Engineers like complex problem-solving, but taking a long time to understand or build something simple is frustrating and bad for morale. This is a related but distinct point to the first one above; software engineering is a uniquely human discipline where keeping your employees happy is very important (because churn is so expensive for businesses and it's nice to not want to quit your job, etc.) so if someone wants to deviate from principles, and has a good reason, it's potentially worth hearing them out.

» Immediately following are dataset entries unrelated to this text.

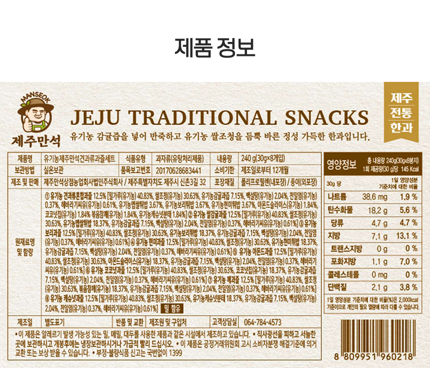 | 포장단위별 내용물의 용량(중량),수량 | 유기농 제주만석 견과류 감귤과즐 (30g X 8) 1box 선물세트 |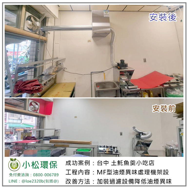 台中有一間土魠魚羹小吃店在營運了一段時間後,客人和煮食的餐點量也隨之增加,伴隨而來油煙及味道量增加等問題,因此在整修時選擇小松加裝一套過濾設備,降低油煙排出影響周圍環境等問題。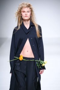 Enfin, Vanessa Tao, pour cette nouvelle collection s’est inspirée des mouvements des vents du port de Hong Kong, dans une atmosphère très poétique, elle nous fait partager des silhouettes énergisantes et capturant la lumière dans des vêtements faciles à porter. Les tenues sont riches de détails soigneusement réfléchis, comme pour les couleurs, qui seront les chefs d’orchestres de la réalisation des silhouettes. Vanessa Tao combine à la fois des formes vintages et des tissus contemporains, la femme selon elle doit se sentir vivante, fraîche, jeune et bien dans son corps.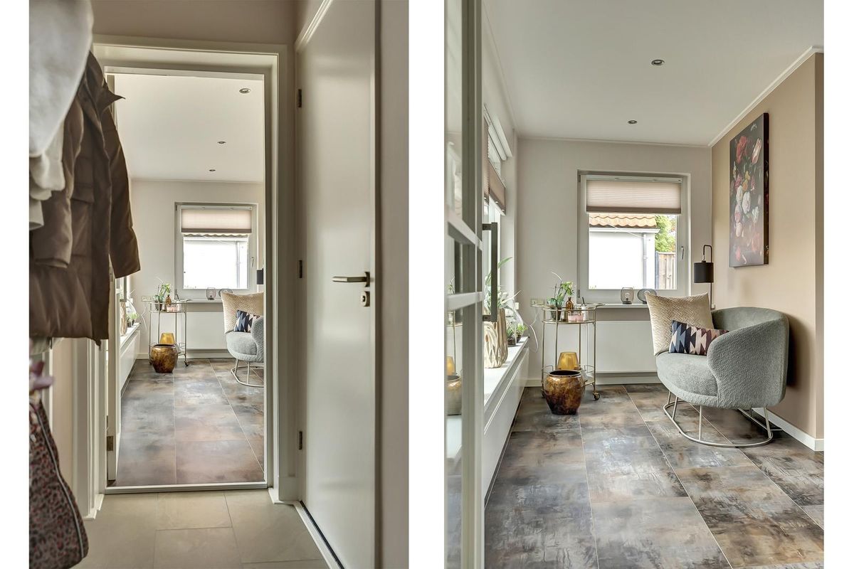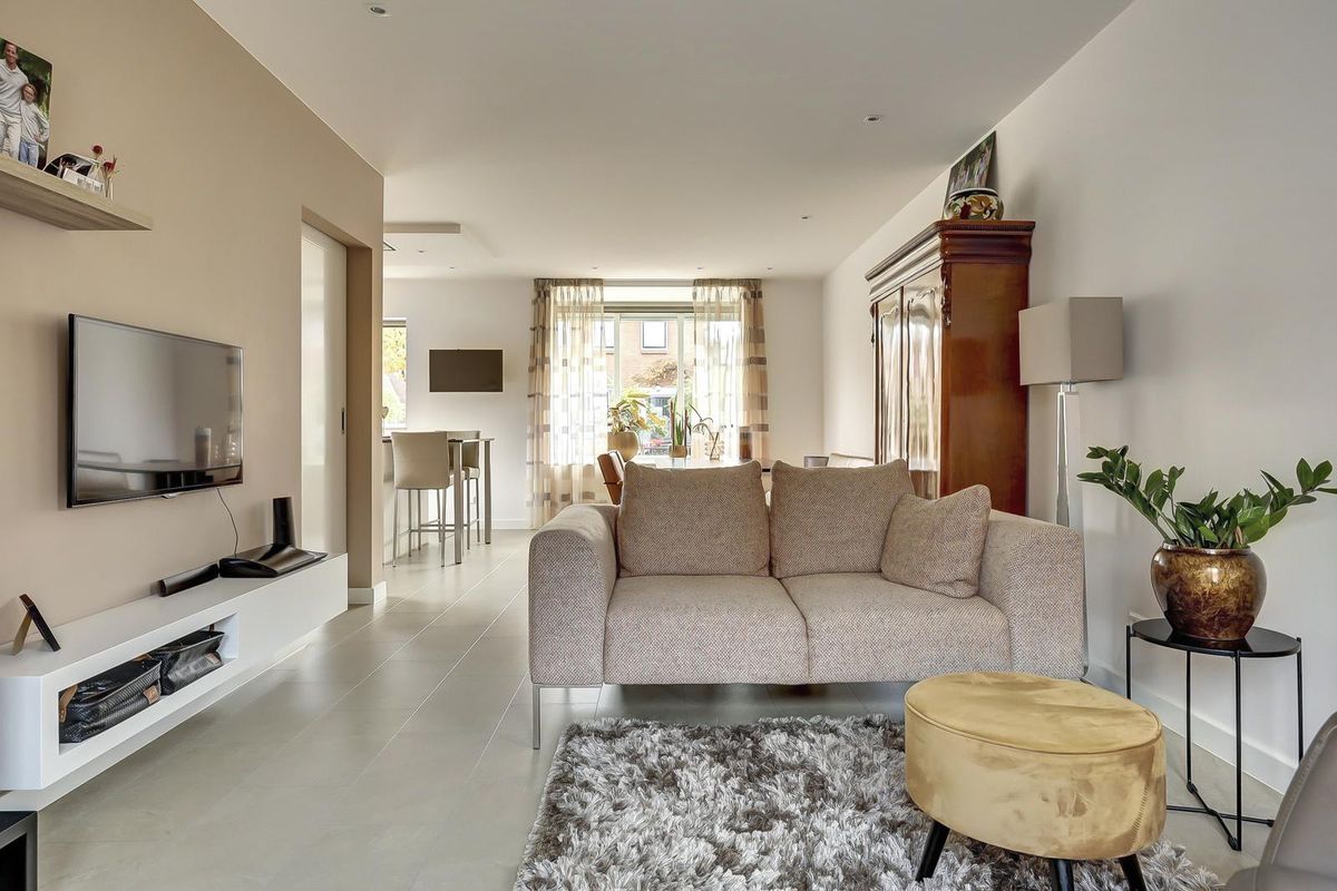 Via de entree met meterkast (incl. waterontharder) heeft u toegang tot de hal met trapopgang, de kelder, het toilet, de (bij)keuken en de woonkamer met luxe moderne woonkeuken. De doorzon woonkamer is modern afgewerkt met een lichte vloer (voorzien van vloerverwarming) en glad gestucte wanden. De ruimte voelt licht en open aan dankzij de grote ramen aan zowel de voor- als achterzijde, waardoor er veel daglicht binnenvalt. Er is volop ruimte voor een comfortabele zithoek en een grote eettafel, waardoor dit een fijne leefruimte is voor het hele gezin.

If abstraction reduces the amount of changes you need to make to the codebase when an external service changes or is switched out, for example, then it is justifiable. However, the future benefit that may be realized if that service does change must be weighed against the amount of added time and complexity it takes to wrap those external service calls in abstractions in the first place. If the service is controlled in-house or extremely unlikely to change, or if the abstraction would cause a great increase in complexity, it may not be worth it—developers may take more time putting it together and wrangling it in peacetime before the service actually changes and it's time to go to war.
The same approach applies to the Liskov substitution principle (LSP), to cite another common example: in general, constructors for subclasses ought not set or adjust anything that would cause differing behavior, relative to its superclass, within methods or properties the classes share. However, sometimes, this is just the easiest way to do something!
Say you have an extremely general superclass InventoryItem and an extremely specific subclass ShippingOnlyItem. The constructor for InventoryItem sets InStorePickupCapable = true if not specified, and that for ShippingOnlyItem forces InStorePickupCapable = false. In most (all?) languages, the subclass constructor is executed last, rendering the subclass instance non-substitutable with its superclass and violating the LSP.3 Yet this is clearly a reasonable property to set4
Thus I urge software teams to consider appropriate policies for violations of established principles. Give your devs the freedom to break the rules and you will find yourself building a better Wikipedia!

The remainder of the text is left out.